If this is what an OPEC agreement looks like, it’s no wonder investors are losing faith.
The oil producer group’s job of engineering a short-term balance of supply and demand is getting harder and harder. Its own members and the non-OPEC “friends” it’s counting on to achieve production cuts are not doing the group any favors as its make-or-break Vienna meeting draws near. Without a credible deal on Nov. 30, market sentiment will turn even more bearish.
As I noted shortly before OPEC unexpectedly agreed in September to cut output, achieving that goal was never going to be straightforward. The group’s big-4 Gulf Arab producers were all producing near record levels, as was key non-OPEC participant, Russia.
Since then, things have got even worse. At this point, it’s going to take a minor miracle for the group to achieve the promise of a deal that’s barely a month old.
When OPEC reached its accord in Algiers, it needed to cut between 850,000 and 1.35 million barrels a day to get output down to its target range of 32.5 million to 33 million, based on Bloomberg supply estimates for September.
With October output estimates now in, the required cut has increased by another 150,000 barrels. That may not seem a lot, but Angola’s output was down 230,000 barrels due to maintenance and should come back this month. So, by the time OPEC meets it will probably need to cut an additional 400,000 barrels a day.
And that’s without any further growth in production from Libya or Nigeria, which isn’t looking likely — Nigeria exceeded 2 million barrels by the end of last month, while Libya added 180,000 barrels to its daily production and is aiming for more as it works to repair its main export terminal.
It’s not only an internal problem, as some key non-OPEC producers are nowhere near restricting supply.
Russian output hit another post-Soviet record of 11.2 million barrels a day last month. With new fields ramping up production and more due to start producing before year-end, that should climb further.
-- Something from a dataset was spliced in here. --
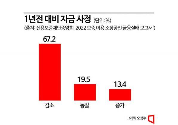 매출은 줄고, 빚은 늘고, 이자까지 오르다 보니 자금 사정은 더 악화됐다. 지난해 대부분의 소상공인은 자금 사정이 '감소'(67.2%)했다. '동일'(19.5%)하거나 '증가'(13.4%) 했다는 응답은 상대적으로 훨씬 적었다. 보고서는 "올해도 (작년 대비) 자금 사정이 '감소'할 것이란 대답이 52.4%였다"며 "해가 갈수록 소상공인들의 주머니 형편이 나빠질 것"이라고 예상했다.

Kazakhstan is seeing its first oil from the much-delayed Kashagan field, which could add as much as 370,000 barrels a day by the end of next year, or even sooner, according to field partner ENI SpA.
Brazil’s output is soaring. Official data show it reached 2.61 million barrels a day in August, on gains from huge deposits lying beneath the sea and thick layers of salt. That’s up by 260,000 barrels since January, and more is on the way.
All three countries, along with Azerbaijan, Mexico and Oman, met OPEC in Vienna at the end of October, but no firm pledges were forthcoming. Russia has said it may cut output, but prefers to freeze it, and in any event will only consider its position once OPEC has reached an internal agreement. Without its participation, success is unlikely, as Gadfly has noted. Azerbaijan is ready to pledge it won’t raise output, an easy call to make as it continues to battle against falling production.
Even the high-cost North Sea is poised to ship the most crude in more than four years in December. Neither the U.K. nor Norway, the two main North Sea producers, attended the Vienna meeting.
The euphoria that followed the gathering in Algiers is evaporating. Oil prices are almost back where they were before that meeting, with Brent briefly dipping below $46 a barrel on Friday.
OPEC warned in its latest monthly bulletin that industry observers “should not be too quick to judge or criticize the Organization or its Member Countries. Over the years, we have seen how wildly inaccurate their predictions have been.”
It’s almost inconceivable that OPEC will fail to reach some form of agreement this month. Whether it will be enough to convince the market that it will make a difference is another matter entirely. Without an agreement to make real, substantial cuts, OPEC’s credibility will be in tatters and oil bears will run riot.